[[ INPUT DATA open ]]
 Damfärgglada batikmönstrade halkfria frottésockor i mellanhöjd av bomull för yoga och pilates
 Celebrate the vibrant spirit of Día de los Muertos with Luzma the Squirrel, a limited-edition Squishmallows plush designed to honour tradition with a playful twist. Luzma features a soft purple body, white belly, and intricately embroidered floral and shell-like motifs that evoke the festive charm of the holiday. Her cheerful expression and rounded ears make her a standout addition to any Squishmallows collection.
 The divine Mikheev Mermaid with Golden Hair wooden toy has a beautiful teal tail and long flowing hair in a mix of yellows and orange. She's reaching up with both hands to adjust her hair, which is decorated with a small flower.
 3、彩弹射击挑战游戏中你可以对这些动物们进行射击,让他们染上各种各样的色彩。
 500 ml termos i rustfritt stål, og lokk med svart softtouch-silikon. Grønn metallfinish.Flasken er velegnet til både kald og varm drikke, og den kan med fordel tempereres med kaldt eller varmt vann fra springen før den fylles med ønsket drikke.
[[ INPUT DATA closed ]]
[[ INPUT DATA open ]]
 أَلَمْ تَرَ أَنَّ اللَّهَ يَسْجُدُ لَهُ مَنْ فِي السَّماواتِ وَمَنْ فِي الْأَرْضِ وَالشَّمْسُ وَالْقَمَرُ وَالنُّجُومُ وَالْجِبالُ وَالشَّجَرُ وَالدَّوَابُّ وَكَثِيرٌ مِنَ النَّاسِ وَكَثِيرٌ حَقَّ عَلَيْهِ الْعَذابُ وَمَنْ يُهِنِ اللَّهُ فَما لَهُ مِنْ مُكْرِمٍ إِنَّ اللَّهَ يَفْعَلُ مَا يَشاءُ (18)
[[ INPUT DATA closed ]]
[[ INPUT DATA open ]]
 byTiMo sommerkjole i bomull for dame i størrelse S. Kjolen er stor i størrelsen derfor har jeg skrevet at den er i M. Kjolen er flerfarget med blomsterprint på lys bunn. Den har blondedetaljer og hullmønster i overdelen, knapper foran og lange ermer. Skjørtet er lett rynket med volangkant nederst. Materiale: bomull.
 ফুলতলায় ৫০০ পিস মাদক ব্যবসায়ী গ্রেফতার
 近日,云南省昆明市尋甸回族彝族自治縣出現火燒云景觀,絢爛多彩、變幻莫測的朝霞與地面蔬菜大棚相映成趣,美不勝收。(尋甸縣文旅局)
[[ INPUT DATA closed ]]
§ WORK REQUEST
Looking at the entries above, how many lines contain the word "bomull"? Answer with the number alone.

§ FINISHED EXERCISE
2